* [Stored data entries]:
____
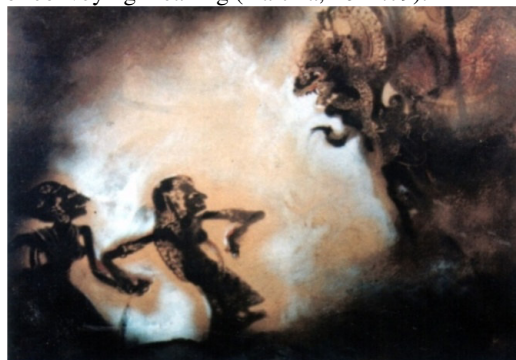
Figure 6: Wayan Suartha (1993), Hanoman Duta , oil paint on a canvas, size 95 X 75 cm.

The works of symbolic reinterpretation are developed with a concept revealing private concept seeing life through humans' behaviors. The behaviors are mostly reflected from the figures or the stories in wayang . It creates assumption that wayang has a very deep dimension reflecting attitudes and behaviors in life. Through paintings, the artists ask the viewers to reflect their life through their works. In other words, it is assumed that their works belong to subjective impression painted with one thematic scene in a story, instead of works reflecting scene as a means of conveying meaning (Kartika, 2012:79).
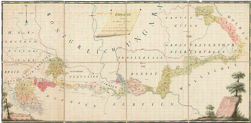
FIGURE 1 Military Frontier in 1800
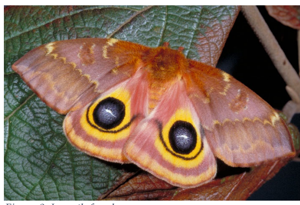
Figure 9. Io moth female.

This is not the smallest of the saturniid moths, but its wing spread of two to three inches is much less than that of average sized moths mentioned so far. The general color is yellowish with a large dark eye spot in the middle of each hind wing. The moths appearing in spring or early summer and can occasionally be found in fall.
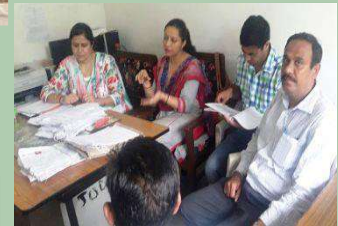
Visit to JUDA office (Sponsoring agency for CLSS) during training programme.
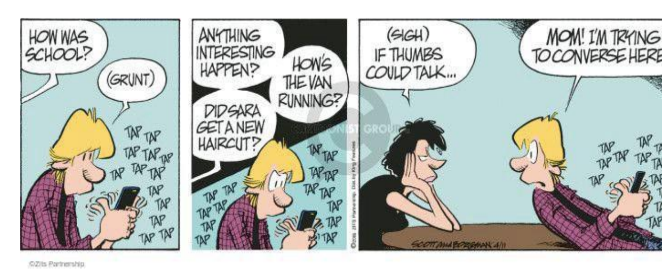
*Note: Does this sound familiar to you?

Prerequisite: PSY 1013 Introductory Psychology, 3 credit hours
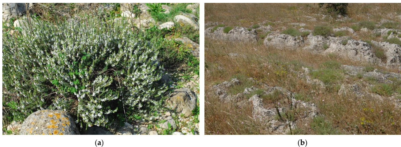
Figure 2. S. cuneifolia (a) in flowering; (b) in its habitat, Phagnalo saxatili-Saturejetum cuneifoliae . San Basilio, 26 March 2020.
____
* [WORK REQUEST]:
In the copy, include all records verbatim but no images.

* [PROBLEM SOLUTION]:
Figure 6: Wayan Suartha (1993), Hanoman Duta , oil paint on a canvas, size 95 X 75 cm.

The works of symbolic reinterpretation are developed with a concept revealing private concept seeing life through humans' behaviors. The behaviors are mostly reflected from the figures or the stories in wayang . It creates assumption that wayang has a very deep dimension reflecting attitudes and behaviors in life. Through paintings, the artists ask the viewers to reflect their life through their works. In other words, it is assumed that their works belong to subjective impression painted with one thematic scene in a story, instead of works reflecting scene as a means of conveying meaning (Kartika, 2012:79).
FIGURE 1 Military Frontier in 1800
Figure 9. Io moth female.

This is not the smallest of the saturniid moths, but its wing spread of two to three inches is much less than that of average sized moths mentioned so far. The general color is yellowish with a large dark eye spot in the middle of each hind wing. The moths appearing in spring or early summer and can occasionally be found in fall.
Visit to JUDA office (Sponsoring agency for CLSS) during training programme.
*Note: Does this sound familiar to you?

Prerequisite: PSY 1013 Introductory Psychology, 3 credit hours
Figure 2. S. cuneifolia (a) in flowering; (b) in its habitat, Phagnalo saxatili-Saturejetum cuneifoliae . San Basilio, 26 March 2020.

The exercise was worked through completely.